Skip to content

AnonShield/tool

AnonShield: Scalable On-Premise Pseudonymization for CSIRT Vulnerability Data

AnonShield is a pseudonymization framework designed for Computer Security Incident Response Teams (CSIRTs). It replaces Personally Identifiable Information (PII) and cybersecurity indicators with cryptographically secure, deterministic pseudonyms (HMAC-SHA256), preserving referential integrity across documents while enabling GDPR/LGPD-compliant data sharing. AnonShield combines GPU-accelerated NER, an LRU entity cache, streaming processors for large files, and a schema-aware configuration mechanism. Evaluated on datasets up to 550 MB (70,951 vulnerability records), it reduces processing time from ~92 hours to under 10 minutes (~738× speedup over v2.0 on D2 JSON; ≥743× on D2 CSV) and achieves F1 = 94.2%, Recall = 96.7% with the filtered/hybrid strategies.

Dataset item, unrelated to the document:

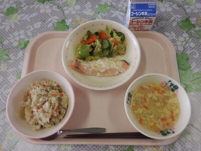 牛乳 ツナピラフ 鮭のマヨネーズ焼き 海そうサラダ コーンスープ

Paper: AnonShield: Scalable On-Premise Pseudonymization for CSIRT Vulnerability Data — SBRC 2026 Salão de Ferramentas.

Note: In parts of this repository — including benchmark scripts, CLI flags (--versions 3.0), result directory names, and internal logs — AnonShield is referred to as v3.0. This reflects its versioning relative to the predecessor tools AnonLFI v1.0 and v2.0, which are used as baselines in the benchmark comparisons.


README Structure

Section Description
Considered Seals SBRC quality seals targeted by this artifact
Basic Information Hardware, OS, and software environment
Dependencies Required packages and external tools
Security Concerns Risks and mitigations for evaluators
Installation Step-by-step setup (local and Docker)
Minimal Test Quick functional verification (~5–10 min)
Experiments Reproduction of the three main paper claims
License Licensing information

Considered Seals

The seals considered are: Available (SeloD), Functional (SeloF), Sustainable (SeloS), and Reproducible Experiments (SeloR).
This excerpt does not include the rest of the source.